A digital agreement, signed and stored on the blockchain. Smart contracts are automatically executed when the contract’s terms and conditions are met.
Blockchain offers numerous benefits, such as:
Blockchain transactions are confirmed by thousands of devices, as well as computers, preventing human errors and providing an accurate record of information.
Usually, you have to pay your bank to verify transactions or a notary to sign documents. Blockchain has no central authority, which means it eliminates all the costs associated with the third-party verification processes. Furthermore, the blockchain transaction fees are limited.
Blockchain has a decentralized system and doesn’t rely on the government or any other central regulating authority to verify transactions, as it’s a peer-to-peer network, minimizing any fraudulent actions.
Blockchain is considered to be one of the most secure technologies, as all the blocks within the network are encrypted and linked to the previous ones through a cryptographic hash function, making them tamper-resistant.
All the transactions are recorded on a public ledger and this information is available for the network members, providing increased transparency. In other words, you can easily verify the authenticity of transactions.
When transactions are recorded on the blockchain, it’s impossible to delete or change anything. Your information stored on the blockchain is immutable, offering a high level of trust and credibility.
Since all the transactions are recorded on the public ledger, this minimizes the risk of any hacks or frauds, as the transaction is traceable. The traceability of blockchain is especially crucial for the financial sector.

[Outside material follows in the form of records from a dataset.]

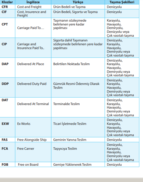 __________teriminde olan yükümlülükleri aynen üstlenmekte, ancak bunlara ek olarak taşıma sırasında malların kayıp ve hasar riskine karşı deniz sigortası sağlama yükümlülüğünü de üstlenmektedir.
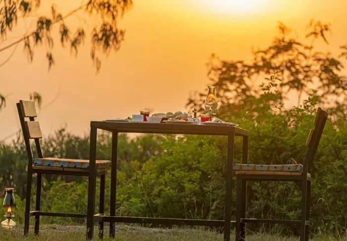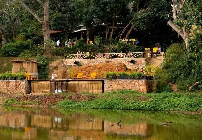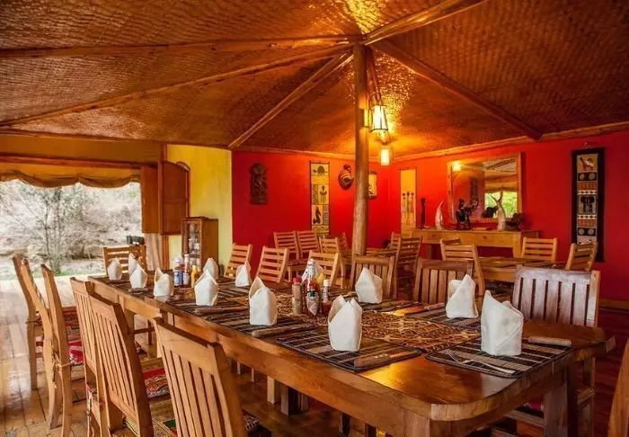 Også i lodgens hyggelige stråtækte restaurant på toppen af bjerget kan du betragte de prægtige dyr ved vandhullet og nyde de storslåede solnedgange over parken, mens du indtager en af de lækre retter lavet af lokale råvarer og afgrøder fra lodgens egen have. En sval brise fra Kachera-søen gør desuden restauranten til det ideelle sted at køle af på en varm dag.
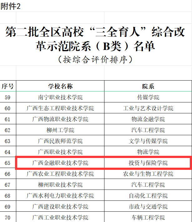 近日,自治区教育厅公布了第二批全区高校“三全育人”综合改革示范院系名单,西汉姆联投资与保险学院入选广西高校“三全育人”综合改革示范院系。
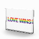 Modern, colourful, vibrant typographic graphic design of saying "Love Wins" in rainbow flag colours. Simple, bold, vibrant and urban graphic art.
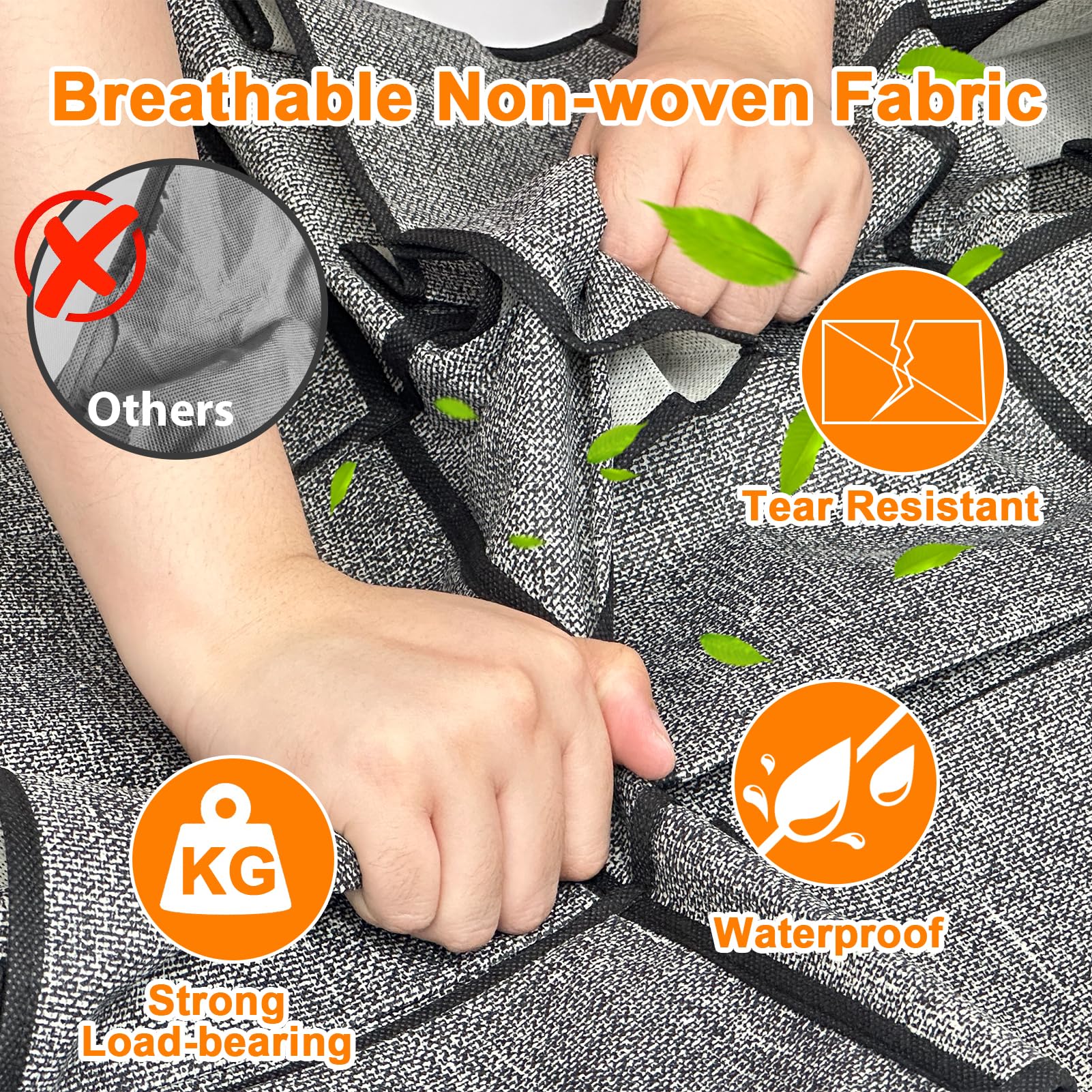 • STURDY THAN NORMAL: This homyfort over the door shoe organizer is made of breathable and durable non-woven fabric and come with 4 sturdy metal hooks, include 24 big and deep pockets. This hanging shoe organizer for closet measures 61.4 x22 inches.
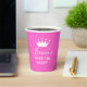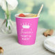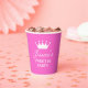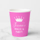 Sweet sixteen 16th Birthday party hot pink Paper Cups personalised with name. Cute design for sixteenth Birthday of teen girl. Elegant script text and princess crown. 16th Birthday celebration design. Pink and white. Available in different shapes. Trendy party supplies with custom text.
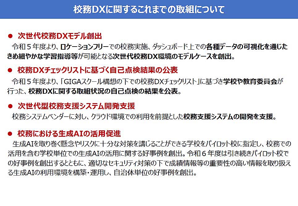 次年度以降については、「GIGAスクール構想支援体制整備事業」として補助金による支援を行っています。我々としては、次世代校務DX導入済みの自治体の割合を、令和11年度までに100%にすることを目指しています。そのため、都道府県域での共同調達などを前提に、自治体の次世代校務DX環境整備に係る初期費用や準備費用を支援するための予算を措置していますのでぜひご活用ください。
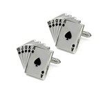 - ROYAL FLUSH CUFFLINKS Cards Poker NEW w GIFT BAG Pair Men's Jewelry Silver Tone
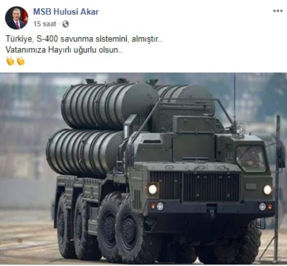 Akar, sosyal medya sayfasında müjdeyi ;"Türkiye, S-400 savunma sistemini, almıştır..

Transactions requiring third-party mediation may be time-consuming. With blockchain, you can initiate transactions more efficiently and rapidly. All your transaction-related details are stored within the network and you can access this information whenever you want.

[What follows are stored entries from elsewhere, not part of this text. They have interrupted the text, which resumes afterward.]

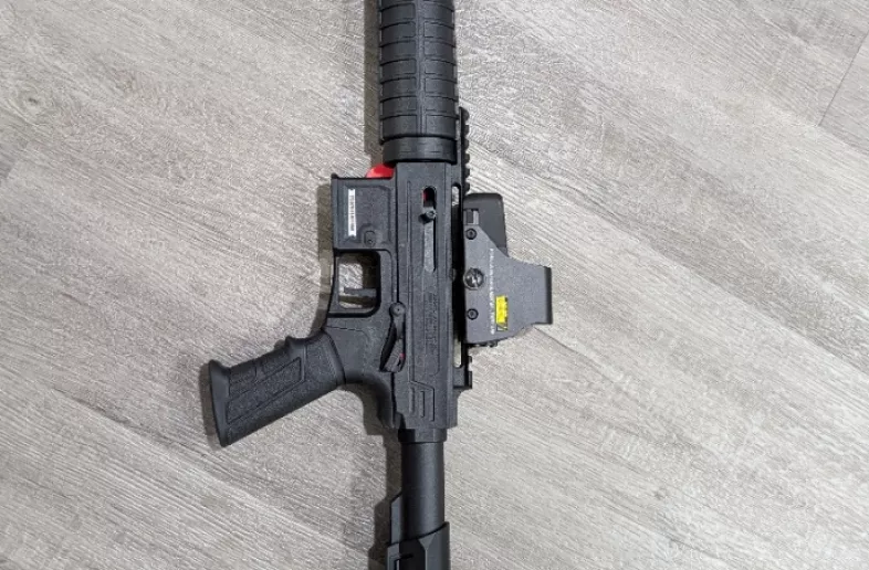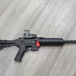 I bought this Rock Island Armoury TM-22 Feather about a month ago and put a red dot sight on it. It runs flawlessly and has only about 50 rounds through it. It comes with the red dot sight. It also comes with the original front sight and carry handle. I still have the box, the manual, and the little wrench it came with.
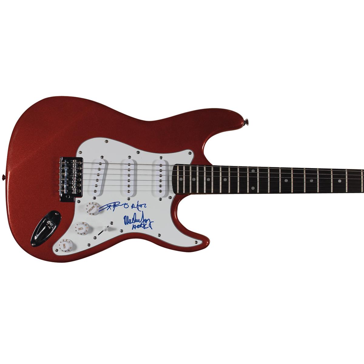 Red-bodied Stedman Pro ‘stratocaster-style’ electric guitar, signed on the white pickguard in blue felt tip by Angus and Malcolm Young, both adding the band’s name after their signatures. In fine condition. Oversized.
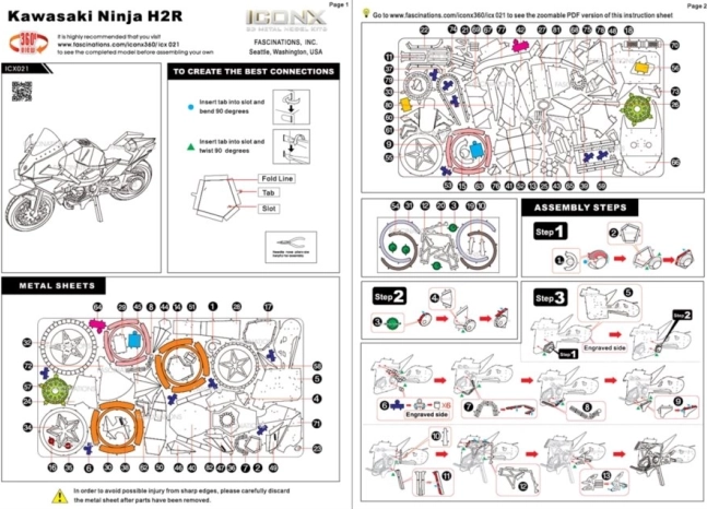 Entnehmen Sie die einzelnen Teile aus den Metallblechen; bei Bedarf verwenden Sie kleine Seitenschneider (nicht enthalten). Die Teile werden mittels Verriegelungen verbunden, die aus einem Haken (Nase) und einer Öffnung bestehen. Biegen Sie die Nase mit kleinen, feinen Zangen (nicht enthalten) um und verbinden Sie nach und nach alle Verriegelungen, bis ein äußerst realistisches Meisterstück entsteht!

Blockchain is an emerging and innovative technology with the potential to embrace various technologies in the future. Here are some examples:
Blockchain is an efficient network for healthcare providers to store the patient’s medical records in a secure way. When medical records are generated and signed, they are recorded on the blockchain, offering patients improved security, as these records are unchangeable. Such health records can be encoded and stored on the blockchain and may be accessible with private keys and only certain individuals may have access to them.
Blockchain can be the key to facilitating an advanced voting system, by minimizing election fraud and providing enhanced voter turnout. It can have a positive impact on the electoral process in general, making it more transparent. Such an attempt already happened during the midterm elections in West Virginia (in 2018).

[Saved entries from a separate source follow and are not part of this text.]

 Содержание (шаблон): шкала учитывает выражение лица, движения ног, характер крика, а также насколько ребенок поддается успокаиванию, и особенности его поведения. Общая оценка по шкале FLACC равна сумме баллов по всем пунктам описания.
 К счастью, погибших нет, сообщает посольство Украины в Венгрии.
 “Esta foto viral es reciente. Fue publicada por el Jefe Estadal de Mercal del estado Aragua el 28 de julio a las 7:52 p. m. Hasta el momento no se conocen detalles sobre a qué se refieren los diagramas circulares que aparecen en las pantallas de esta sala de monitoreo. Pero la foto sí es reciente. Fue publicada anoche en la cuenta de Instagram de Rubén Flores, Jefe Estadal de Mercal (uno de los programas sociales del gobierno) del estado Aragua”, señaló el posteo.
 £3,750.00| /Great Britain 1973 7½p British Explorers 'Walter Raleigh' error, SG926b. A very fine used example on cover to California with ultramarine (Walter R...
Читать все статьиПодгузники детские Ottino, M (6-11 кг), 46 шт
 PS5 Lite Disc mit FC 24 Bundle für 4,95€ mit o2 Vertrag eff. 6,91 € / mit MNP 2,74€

Blockchain technology can offer a dynamically growing insurance sector an efficient solution to detecting and reducing fraudulent activities and enhancing policies related to cyber insurance. This network can be effective in understanding various financial risks because it provides secure information storage and faster data-sharing among different parties involved in the insurance ecosystem. Blockchain creates trust and credibility between entities.
Supply chain management usually deals with a very large volume of complex data. Keeping records may cause various problems, and paper-based record-keeping is still typical of different sectors. Thus, digital transformation may improve the productivity of supply chain management.
The application of blockchain can enhance information-sharing processes, offering increased accessibility and security. Leveraging smart contacts can be helpful, as it may improve the automation and efficiency of the overall supply chain operations.
In today’s rapidly evolving technological landscape, blockchain stands out as an innovative and revolutionary force with a huge potential to change the entire world. It provides secure, transparent, scalable, and efficient solutions, attracting more and more industries, such as healthcare and chain management.